Durante la mayor parte de mi vida (hasta los 36 años) fui un incrédulo convencido y negué continuamente la existencia de Dios, aun a sabiendas de que algo habría de verdad cuando la gente hablaba tanto de ello. Cuando contraje matrimonio, mi mujer ya era creyente; y yo la respetaba. Pero, cuando surgían temas relacionados con Dios, se producía una discusión, entre ambos, de difícil solución. Por tanto, un día decidí leer la Biblia creyendo que así podría resolver aquellos debates. Quería demostrar con conocimiento de la Escritura que nada podría ocurrir por la influencia divina. En el proceso de la lectura comencé a sentir que el autor conocía mi interior, que mis sentimientos más profundos me eran revelados allí, y que mi verdad se derrumbaba por completo. La fuerza de la Palabra de Dios me ganaba la batalla.
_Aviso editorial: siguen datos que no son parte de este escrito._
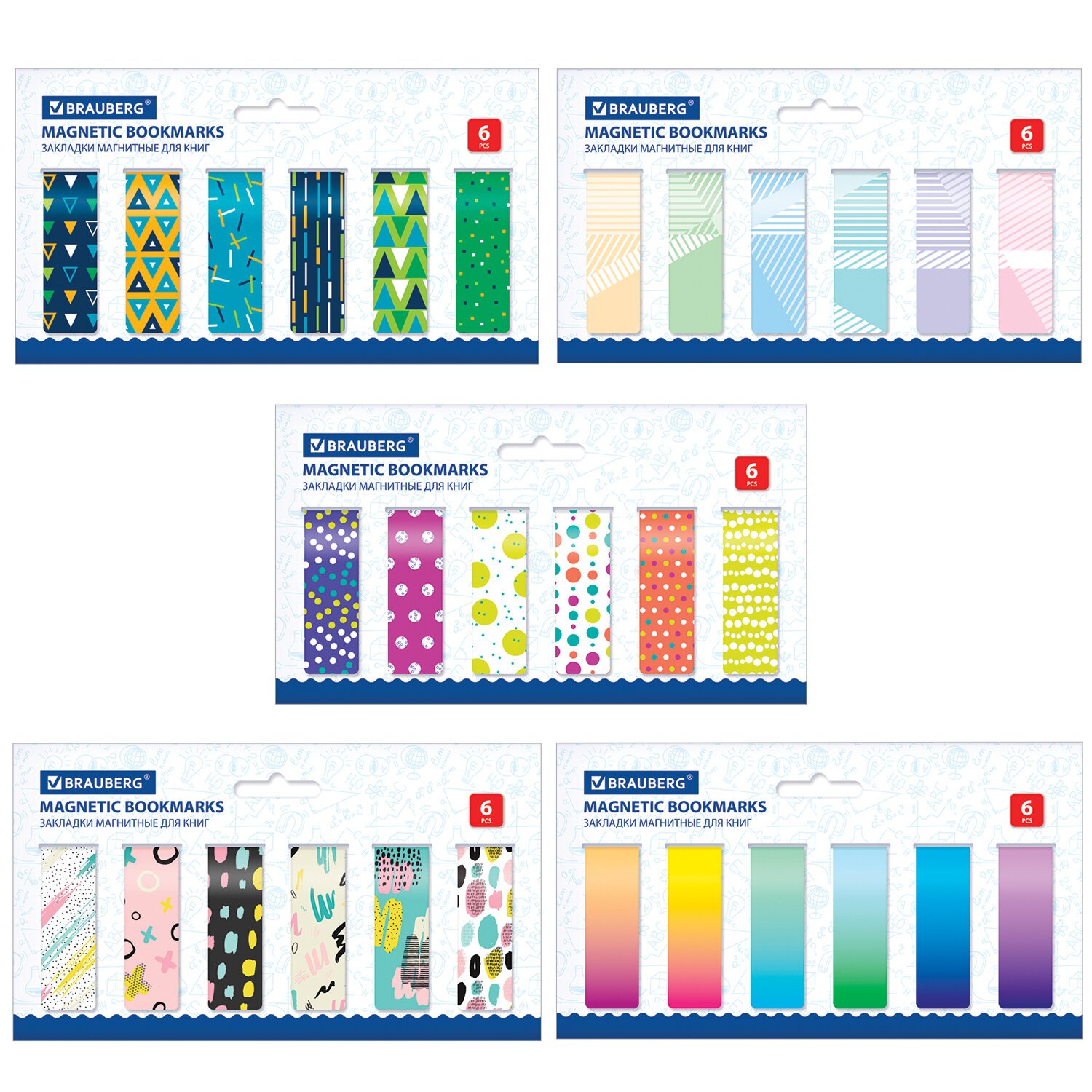 Закладки для книг МАГНИТНЫЕ, "MIX 2", набор 30 шт., 60x20 мм, BRAUBERG, 113178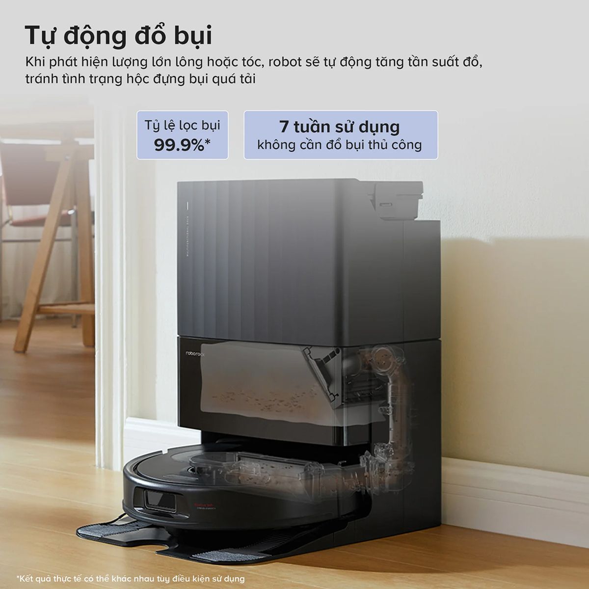 Robot hút bụi Roborock làm sạch toàn diện nhờ hệ thống động cơ công suất cao và trạm bảo dưỡng thông minh. Nhờ vậy, máy hoạt động bền bỉ cả ngày, hút bụi các ngóc ngách trong nhà mà không lo gián đoạn.

Entonces, con cierto recelo, me dirigí al Señor y le hice una propuesta: “Si es que existes y eres real, yo quiero conocer la verdad, sea cual sea, aunque no me guste”. Él tuvo misericordia de mí y me aclaró la vista, dándome la seguridad de que la Escritura es su Palabra revelada; que allí estaban escritos todos los principios necesarios para dirigir mi vida y que debía ceñirme a ellos. De esta forma comprendí que Jesucristo en la cruz cargó con todas mis transgresiones; lo acepté como ese inmenso tesoro que tantas veces se me había ofrecido y siempre rechazado. Llegué al reconocimiento de mis pecados y mi arrepentimiento, sintiendo una descarga interior que me llenó de paz.
Ahora sigo pidiendo al Señor que nos ayude a entender la verdad revelada y a recibirla con humildad, para que los prejuicios humanos no nublen nuestra visión.